Human image synthesis

Human image synthesis is technology that can be applied to make believable and even photorealistic renditions of human-likenesses, moving or still. It has effectively existed since the early 2000s. Many films using computer generated imagery have featured synthetic images of human-like characters digitally composited onto the real or other simulated film material. Towards the end of the 2010s deep learning artificial intelligence has been applied to synthesize images and video that look like humans, without need for human assistance, once the training phase has been completed, whereas the old school 7D-route required massive amounts of human work.

Timeline of human image synthesis

In 1971 Henri Gouraud made the first CG geometry capture and representation of a human face. Modeling was his wife Sylvie Gouraud. The 3D model was a simple wire-frame model and he applied the Gouraud shader he is most known for to produce the first known representation of human-likeness on computer .
The 1972 short film A Computer Animated Hand by Edwin Catmull and Fred Parke was the first time that computer-generated imagery was used in film to simulate moving human appearance. The film featured a computer simulated hand and face .
The 1976 film Futureworld reused parts of A Computer Animated Hand on the big screen.
The 1983 music video for song Musique Non-Stop by German band Kraftwerk aired in 1986. Created by the artist Rebecca Allen, it features non-realistic looking, but clearly recognizable computer simulations of the band members.
The 1994 film The Crow was the first film production to make use of digital compositing of a computer simulated representation of a face onto scenes filmed using a body double. Necessity was the muse as the actor Brandon Lee portraying the protagonist was tragically killed accidentally on-stage.

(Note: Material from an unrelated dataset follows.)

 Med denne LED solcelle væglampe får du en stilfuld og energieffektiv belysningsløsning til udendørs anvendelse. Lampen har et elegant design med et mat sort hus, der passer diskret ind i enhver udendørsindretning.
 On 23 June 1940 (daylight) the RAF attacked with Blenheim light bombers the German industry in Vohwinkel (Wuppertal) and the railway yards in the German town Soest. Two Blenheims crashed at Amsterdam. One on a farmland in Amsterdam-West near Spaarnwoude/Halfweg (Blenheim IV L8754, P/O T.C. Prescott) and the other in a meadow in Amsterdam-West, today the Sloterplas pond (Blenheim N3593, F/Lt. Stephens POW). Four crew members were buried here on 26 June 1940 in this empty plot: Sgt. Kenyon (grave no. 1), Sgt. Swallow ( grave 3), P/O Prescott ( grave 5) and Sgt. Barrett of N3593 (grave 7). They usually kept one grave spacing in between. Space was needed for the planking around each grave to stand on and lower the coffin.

In 1999 Paul Debevec et al. of USC captured the reflectance field of a human face with their first version of a light stage. They presented their method at the SIGGRAPH 2000
In 2003 audience debut of photo realistic human-likenesses in the 2003 films The Matrix Reloaded in the burly brawl sequence where up-to-100 Agent Smiths fight Neo and in The Matrix Revolutions where at the start of the end showdown Agent Smith's cheekbone gets punched in by Neo leaving the digital look-alike unnaturally unhurt. The Matrix Revolutions bonus DVD documents and depicts the process in some detail and the techniques used, including facial motion capture and limbal motion capture, and onto models.
In 2003 The Animatrix: Final Flight of the Osiris a state-of-the-art want-to-be human likenesses not quite fooling the watcher made by Square Pictures.

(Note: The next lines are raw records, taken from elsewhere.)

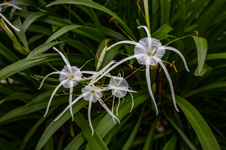 Our hike take us through a totally different environment in the interior that is hot, humid & dark. It is amazing that we find a place that has different environments only a few yards apart. We walk along and the paved trails, like a boardwalk, lead us around with occasional signs explaining what we see. Jasmine Vines climb the trees and occasionally smother them, causing the trees to die which lets in more sunlight so other trees and vegetation can grow.
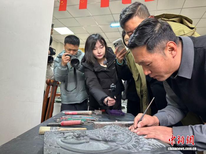 1月31日,中國國家級非遺硯臺制作技藝(洮硯制作技藝)甘南州級代表性傳承人盧蘇努現(xiàn)場演示洮硯制作。中新社記者 馮志軍 攝
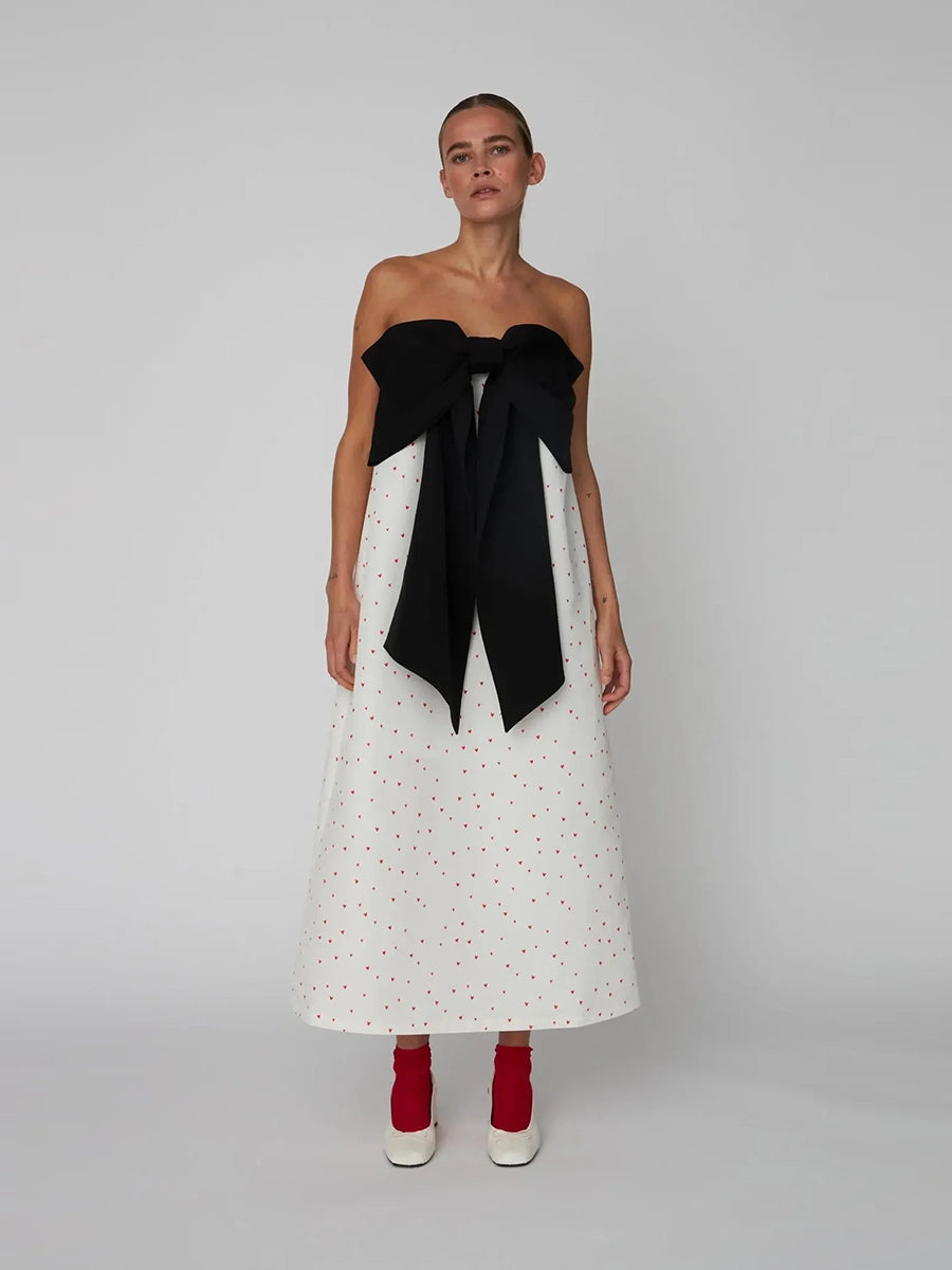Luźna, wieczorowa sukienka maxi na cienkich ramiączkach Heart Printed Bow STELLA NOVA z dużą, efektowną, czarną kokardą na piersiach. Wykonana ze sztywnej tkaniny w print w drobne serduszka. Sukienka ma krój w kształcie litery A i długość przed kostki.

In 2003 digital likeness of Tobey Maguire was made for movies Spider-man 2 and Spider-man 3 by Sony Pictures Imageworks.
In 2009 Debevec et al. presented new digital likenesses, made by Image Metrics, this time of actress Emily O'Brien whose reflectance was captured with the USC light stage 5 Motion looks fairly convincing contrasted to the clunky run in the Animatrix: Final Flight of the Osiris which was state-of-the-art in 2003 if photorealism was the intention of the animators.
In 2009 a digital look-alike of a younger Arnold Schwarzenegger was made for the movie Terminator Salvation though the end result was critiqued as unconvincing. Facial geometry was acquired from a 1984 mold of Schwarzenegger.
In 2010 Walt Disney Pictures released a sci-fi sequel entitled ' with a digitally rejuvenated digital look-alike of actor Jeff Bridges playing the antagonist CLU.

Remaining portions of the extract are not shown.